GIVEN DATA:

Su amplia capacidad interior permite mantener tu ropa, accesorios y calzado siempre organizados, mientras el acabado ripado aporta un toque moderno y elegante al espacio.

==

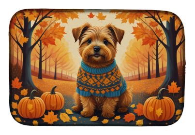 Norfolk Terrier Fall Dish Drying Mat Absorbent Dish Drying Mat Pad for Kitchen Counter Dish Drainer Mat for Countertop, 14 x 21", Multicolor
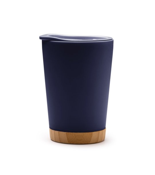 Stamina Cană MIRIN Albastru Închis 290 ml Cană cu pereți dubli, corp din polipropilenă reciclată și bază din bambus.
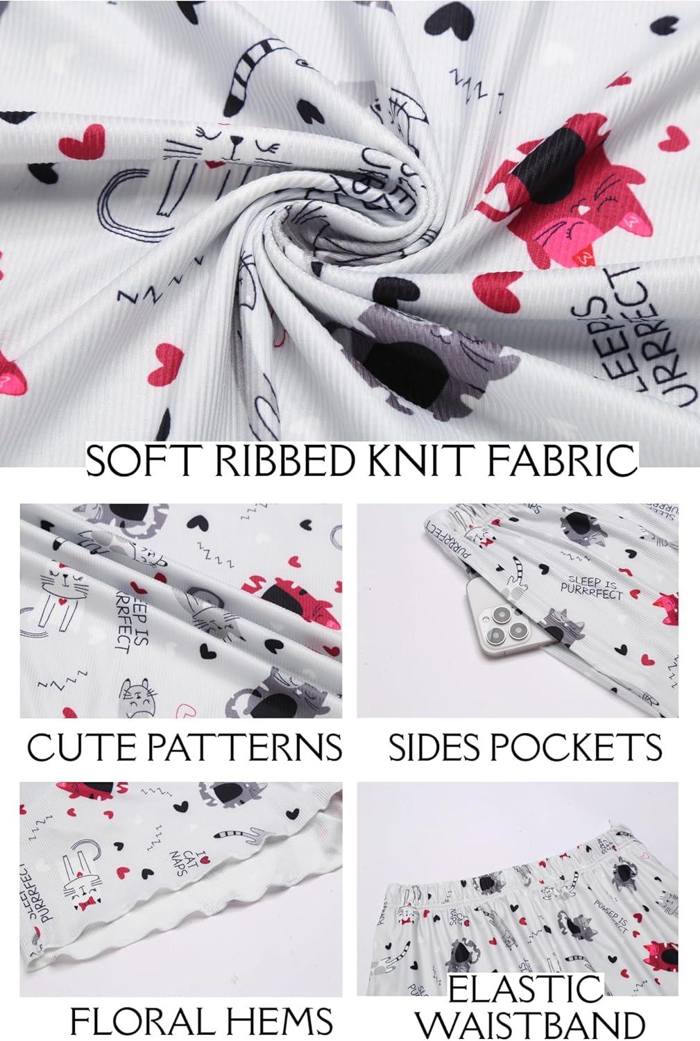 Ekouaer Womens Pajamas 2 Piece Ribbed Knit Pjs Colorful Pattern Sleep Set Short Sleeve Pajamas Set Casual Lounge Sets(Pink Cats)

--

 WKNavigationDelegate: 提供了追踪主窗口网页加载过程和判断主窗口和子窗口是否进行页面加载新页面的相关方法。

WHAT YOU NEED TO DO: In the listing above, find the line holding "Stamina Cană MIRIN" and the line holding "Ekouaer Womens Pajamas". Reproduce those two lines and all between them exactly, leaving out pictures.

ANSWER TO THIS PROBLEM:
 Stamina Cană MIRIN Albastru Închis 290 ml Cană cu pereți dubli, corp din polipropilenă reciclată și bază din bambus.
 Ekouaer Womens Pajamas 2 Piece Ribbed Knit Pjs Colorful Pattern Sleep Set Short Sleeve Pajamas Set Casual Lounge Sets(Pink Cats)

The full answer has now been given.